Work to be completed. Only text lines belong in the answer: the lines from the first one in the records through the line with "パトリック マラソン レディース", copied exactly.

*** Begin section ***

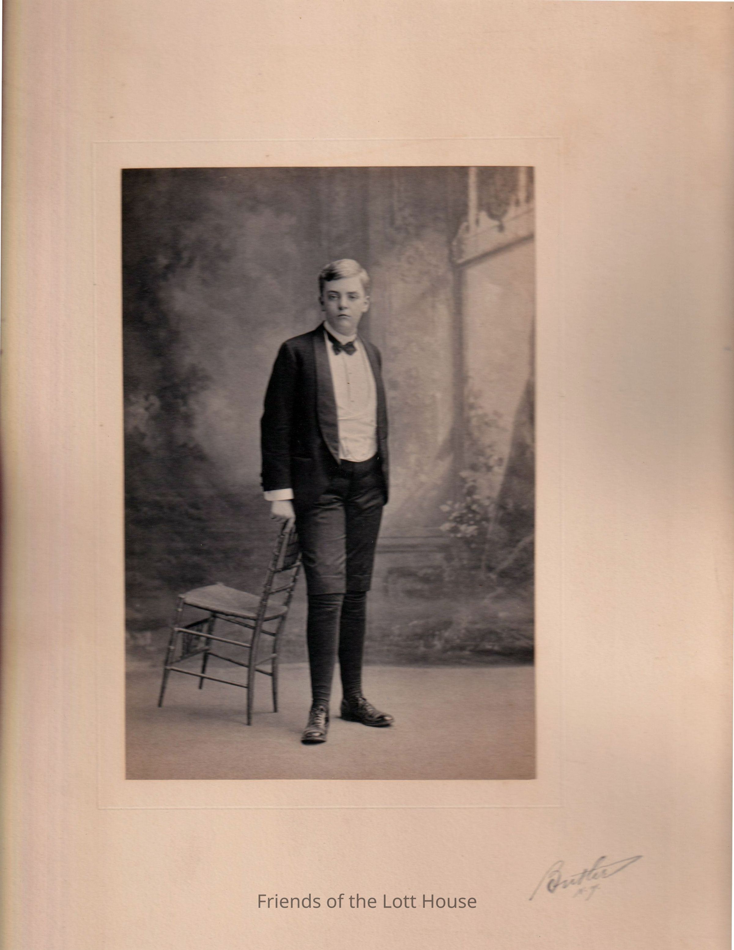 Posed photograph of a young man in formal wear leaning on a chair. Charles A. DitmasCollection
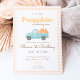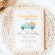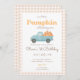 Featuring a cute blue truck filled with pumpkins, warm neutral gingham border, and elegant autumn tones — perfect for a baby boy’s fall celebration.
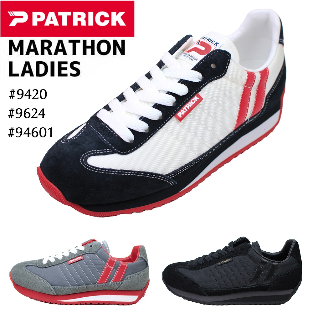 パトリック マラソン レディース スニーカー 運動靴 942451 BKBERRY 日本製 靴 ランニングシューズ 軽量 ブラック/グレー おしゃれ PATRICK MARATHON 【レディース】
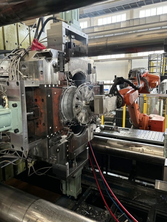 鑫林模具開(kāi)發(fā)的鎂合金一體式后地板模具 在電驅(qū)系統(tǒng)領(lǐng)域,鑫林模具開(kāi)發(fā)的鎂合金電機(jī)殼體模具突破性地達(dá)到與鋁合金同等氣密性標(biāo)準(zhǔn)(泄漏率≤0.5cm³/min)。通過(guò)真壓鑄工藝優(yōu)化,鑄件內(nèi)部孔隙率控制在 2%以內(nèi),首套樣品已搭載于某新能源汽車品牌暢銷車型。 工藝創(chuàng)新:半固態(tài)注射成型的突圍之路 半固態(tài)鎂合金注射成型是近年來(lái)興起并快速推廣的生產(chǎn)工藝。鑫林模具的半固態(tài)注射成型輪轂?zāi)>卟捎弥行狞c(diǎn)進(jìn)料技術(shù),實(shí)現(xiàn)了三大突破:?jiǎn)吻蛔⑸淞客黄苽鹘y(tǒng) 17.5kg 的上限,能夠滿足 20 寸以上大型輪轂的生產(chǎn)需求;在出品率方面革新,通過(guò)動(dòng)態(tài)溫控系統(tǒng),將材料利用率從 65%提升至 85%;在性能上躍升,輪轂抗拉強(qiáng)度大幅提升,超過(guò)了鋁合金的標(biāo)準(zhǔn)。
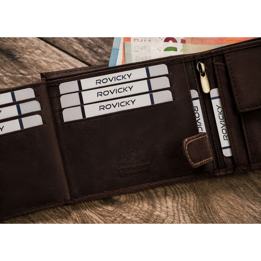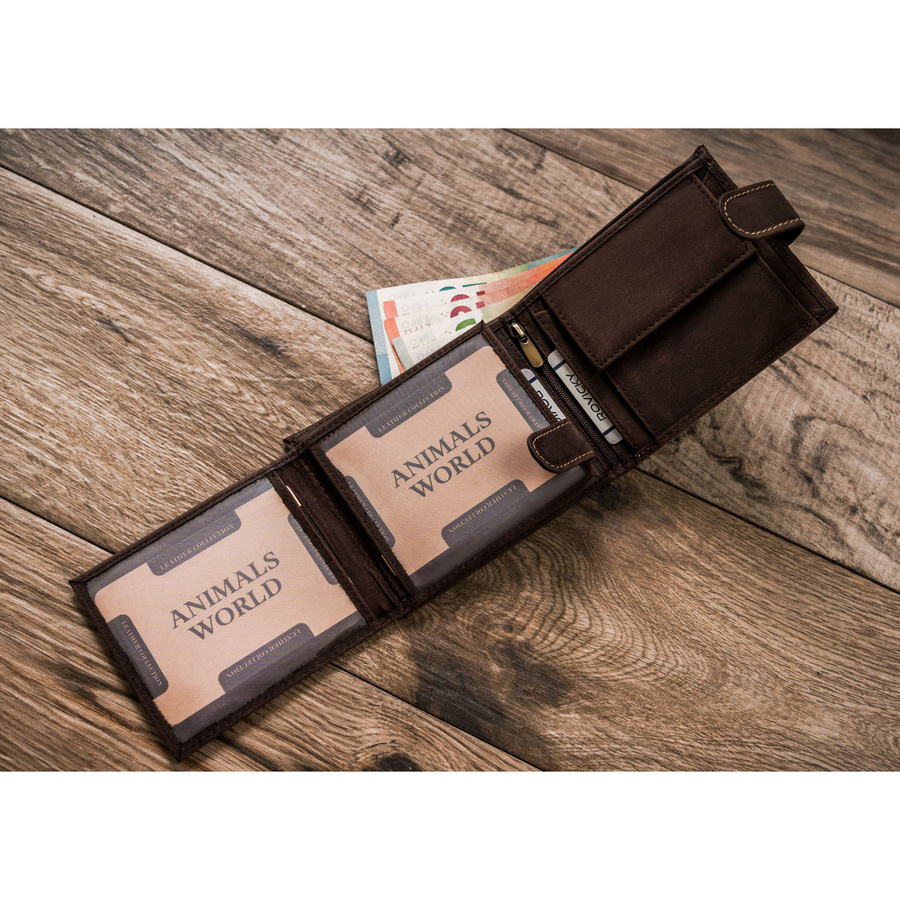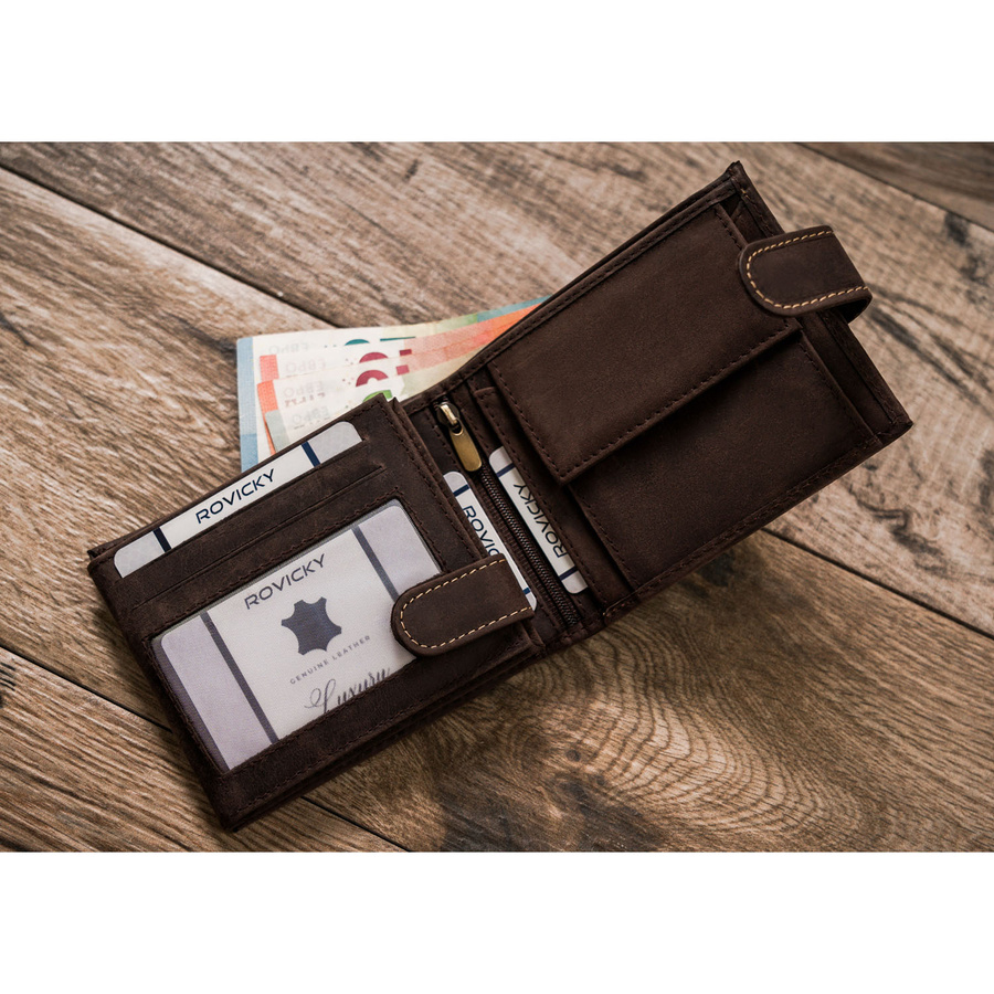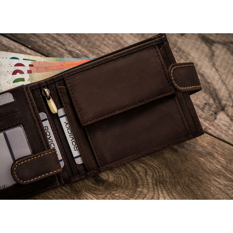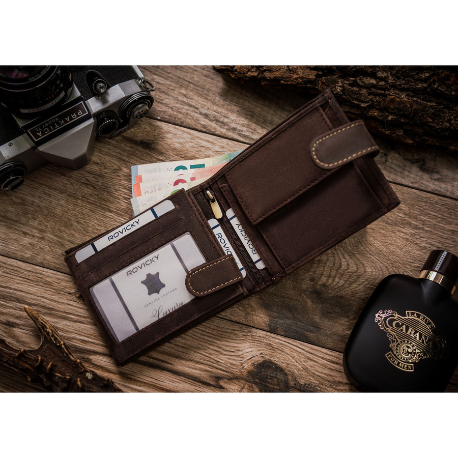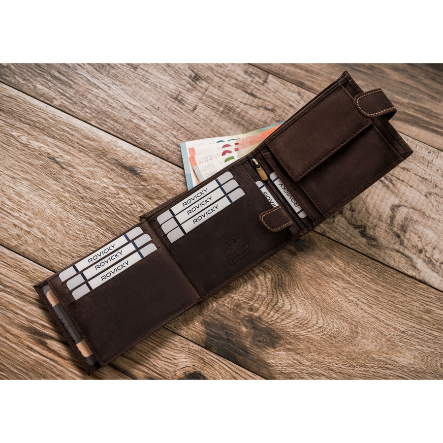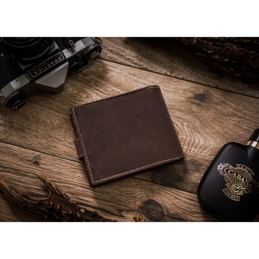 Portfel odszyty z trwałej nubukowej skóry naturalnej. Model o klasycznej stylistyce. Portfel w orientacji poziomej, zapinany na zatrzask. Posiada rozbudowane wnętrze – będzie idealnym wyborem właśnie dla Ciebie, jeżeli na co dzień nosisz dokumenty w dużym formacie jak np. dowód rejestracyjny. Ponadto zmieścisz w nim pokaźne ilości kart oraz gotówki.
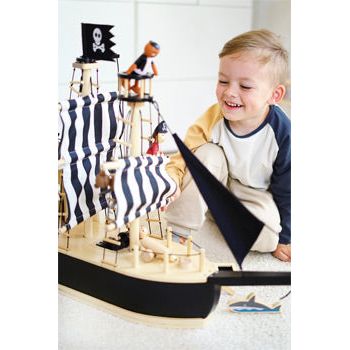 Ahoi ihr Seeräuber! Dieses detailreich gestaltete Piratenschiff aus robustem Holz lässt mit seinen vielen authentischen Details keine Wünsche offen! Das umfangreiche Spielset umfasst neben dem geräumigen Zweimaster auch ein Beiboot zum Rudern für zwei Biegepuppen, einen Hai, einen Papagei, eine Schatzkiste, eine Kanone sowie zwei Fässer, eine Planke und natürlich eine Piratenflagge. Wie bei einem echten Segelschiff lassen sich alle Segel an Seilen hissen und bergen. Für die Extraportion Spielspaß sorgt die Kanone, die ihre drei Kanonenkugeln aus Filz durch die Luft fliegen lässt!
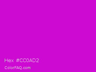 Hex #cc0ad2 Color is a normal magenta color and the nearest color is Deep Magenta #cc00cc. Hex code #cc0ad2 and RGB value is rgb(204,10,210). In RGB color space, this color is composed of 80% red, 4% green, 82% blue, In CMYK color space, this color is composed of 3% cyan, 95% magenta, 0% yellow , 18% black , In HSL color space, this color has a hue angle of 298° , 91% saturation and 43% lightness.
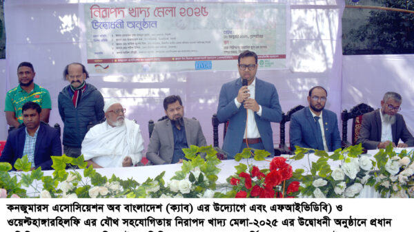কনজুমারস এসোসিয়েশন অব বাংলাদেশ (ক্যাব) এর উদ্যোগে এবং ফ্রেন্ডস ইন ভিলেজ ডেভেলপমেন্ট বাংলাদেশ (এফআইভিডিবি) ও ওয়েল্টহাঙ্গারহিলফি-বাংলাদেশ এর যৌথ সহযোগিতায় নিরাপদ খাদ্য মেলা-২০২৫ এর উদ্বোধনী অনুষ্ঠানে প্রধান অতিথির বক্তব্যে তিনি এসব কথা বলেন।
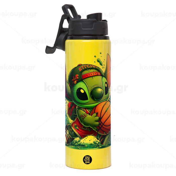 Stitch Basketball, Μεταλλικό παγούρι νερού με καπάκι ασφαλείας, αλουμινίου 850ml
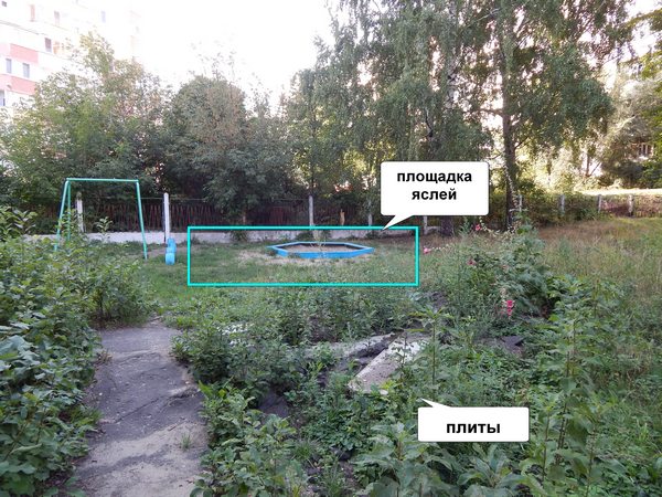 наконец-то настал май, солнечные дни и наших детей вывели на улицу, какой я испытала шок, когда я увидела нашу территорию, которая состояла из песочницы и нескольких покрышек, бегать и прыгать запрещалось (рядом ямы, плиты и заросли крапивы), дети сидели только в песочнице (((((( (на 1-ом фото видно - это печальное место).

*** End section ***

Answer area.
 Posed photograph of a young man in formal wear leaning on a chair. Charles A. DitmasCollection
 Featuring a cute blue truck filled with pumpkins, warm neutral gingham border, and elegant autumn tones — perfect for a baby boy’s fall celebration.
 パトリック マラソン レディース スニーカー 運動靴 942451 BKBERRY 日本製 靴 ランニングシューズ 軽量 ブラック/グレー おしゃれ PATRICK MARATHON 【レディース】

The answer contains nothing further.